Re: 2012 HSC Mathematics Marathon!

 

[bleakarcher]

Re: 2012 HSC Mathematics Marathon!

This thread just decided to die.

i) angle QAC=angle BCA (alternate angles, AQ//CB)
angle BAC=angle BCA (base angles of isos. triangle ABC)
:. angle QAC=angle BAC
Hence, AC bisects angle QAB.
ii) Let angle BAD=x
angle BAC=90-x (adj. comp. angles)
angle BCA=angle BAC=90-x (base angles of isos. triangle ABC)
angle QAC=angle BCA=90-x (alternate angles, QA//CB)
:.angle DAP=180-90-(90-x)=180-90-90+x=x
Hence, AD bisects angle PAB

Sorry for bad format.

 

[Examine]

Re: 2012 HSC Mathematics Marathon!

Just need to verify something, for a question like this:

5x/2x-1>3
5x(2x-1)>3(2x-1)^2
10x^2-5x>12x^2-12x+3
2x^2-7x+3<0
(2x-1)(x-3)<0

Do you use the original inequation to solve the answer, making it end as x<1/2, x>3

OR

Do you use the last step to determine the answer, making it 1/2<x<3?

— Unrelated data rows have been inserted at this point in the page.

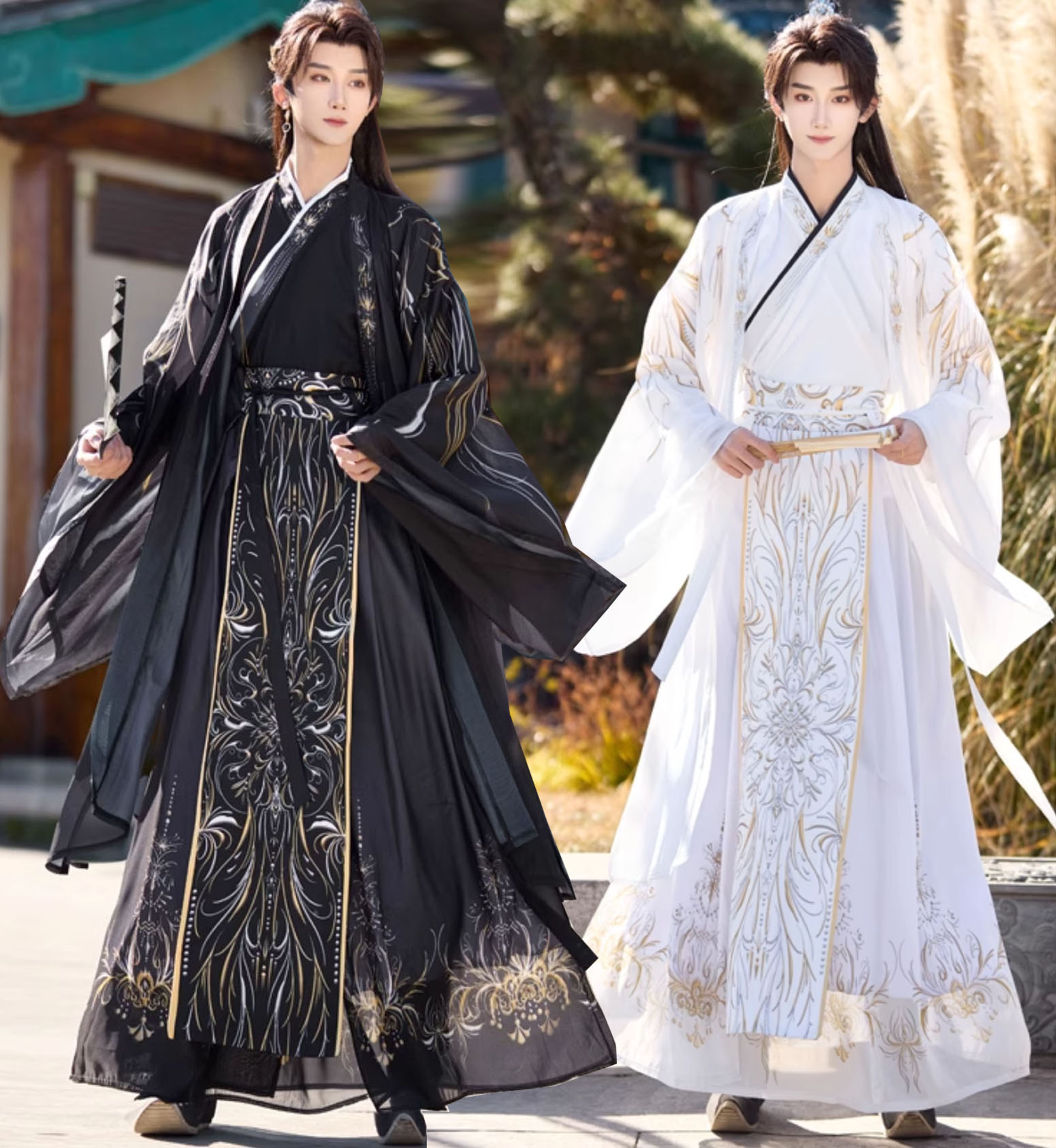 メンズ 漢服 黒 白 広袖羽織カバー付き 3点セット 大人 男性 おしゃれ 暗黒 クール 中華ファンタジー 仙侠 侠客 武侠 神様 コスチューム 金色のプリント 交差襟 飄逸 中国古代服 男女兼用
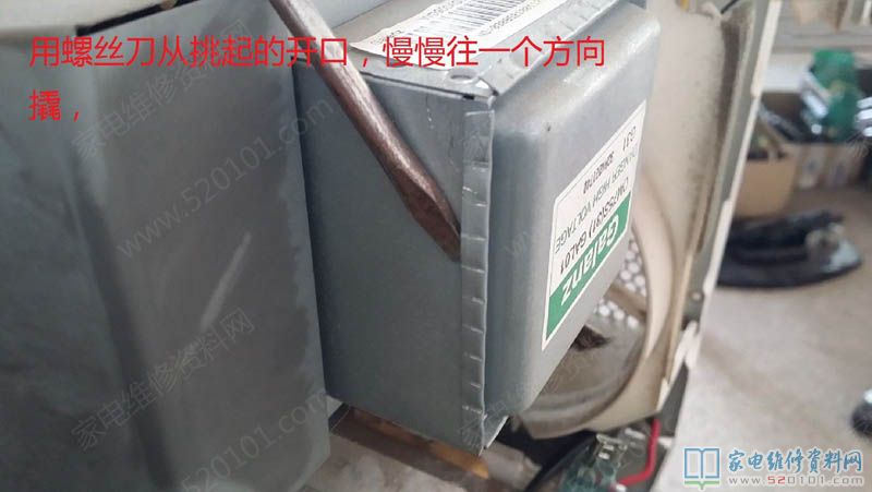先用锋利的凿子,把磁控管的屏蔽罩挑起一个角
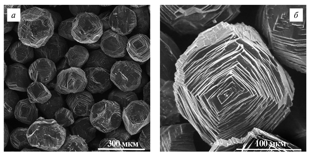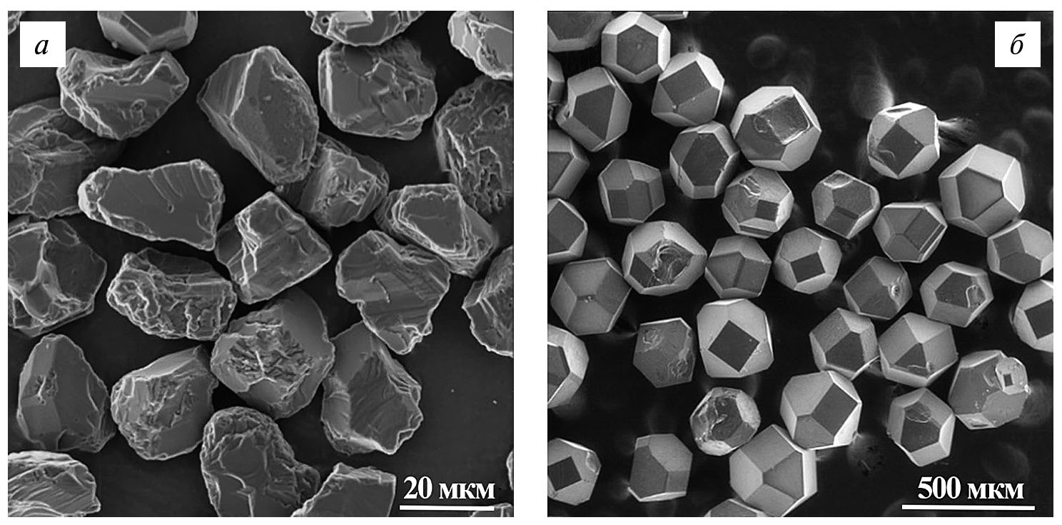 Рис. 2. Микрофотографии SEM исходных частиц алмаза, имеющих форму кубооктаэдра (а) и усеченного октаэдра, с наиболее развитыми кубическими {100} и октаэдрическими {111} гранями
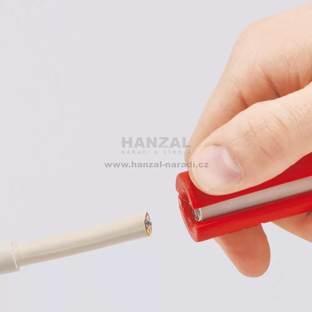 Vhodné k odstraňování plášťů a odizolování všech běžných kabelů kruhového průřezu a kabelů do vlhkého prostředí od Ø 8,0 do 13,0 mm (např. kabel NYM 3 x 1,5 mm² do 5 x 2,5 mm²). Také pro použití v krabicových odbočnicích a skříňkách rozdělovače. Dvoudílný otevírací nástroj pro odizolování. S otevírací pružinou a zavírací pojistkou. Aretace v uzavřené poloze.
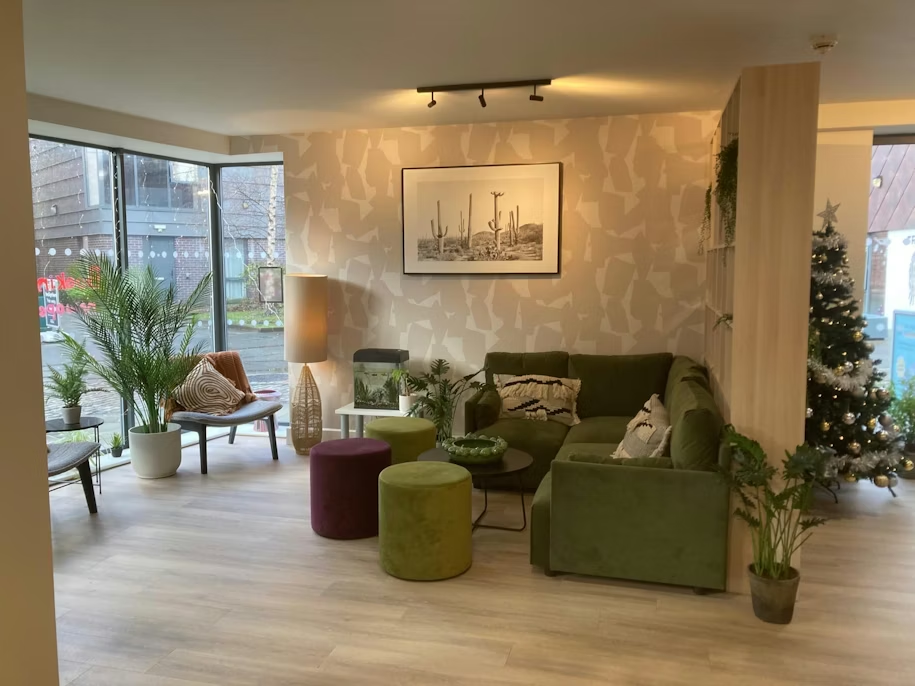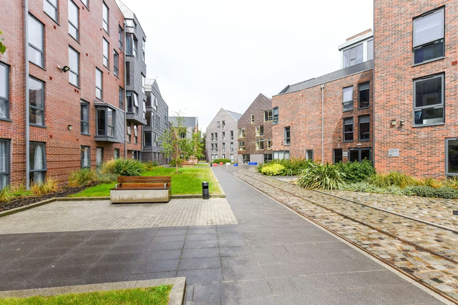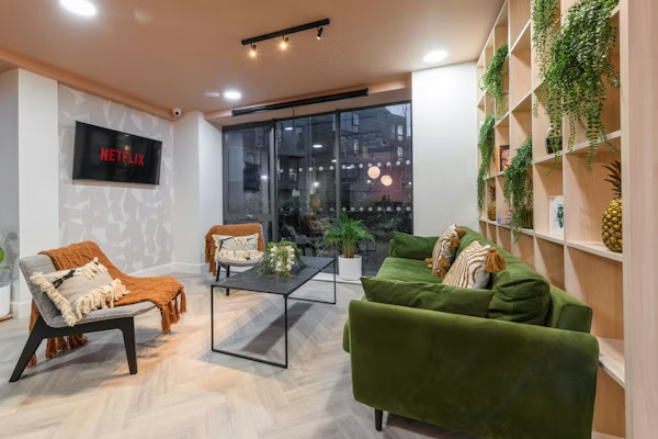 24 小时门禁(钥匙卡通行)+ 全区域 CCTV 监控,居住安全有保障。前台提供 代收快递服务,驻场经理与维修团队响应及时,快速解决生活问题。公共区域功能丰富:24 小时自习区配备桌椅与充电接口;社交休息室设有台球桌、桌上足球与电视,户外还有专属庭院;另有带烘干功能的洗衣房、电梯、自行车库及自动售货机。公寓定期组织主题社交活动,住户多为切斯特大学学生,新生易快速融入集体。

Having a mind blank and really want to find out.

 

[SpiralFlex]

Re: 2012 HSC Mathematics Marathon!

Just need to verify something, for a question like this:

5x/2x-1>3
5x(2x-1)>3(2x-1)^2
10x^2-5x>12x^2-12x+3
2x^2-7x+3<0
(2x-1)(x-3)<0

Do you use the original inequation to solve the answer, making it end as x<1/2, x>3

OR

Do you use the last step to determine the answer, making it 1/2<x<3?

Having a mind blank and really want to find out.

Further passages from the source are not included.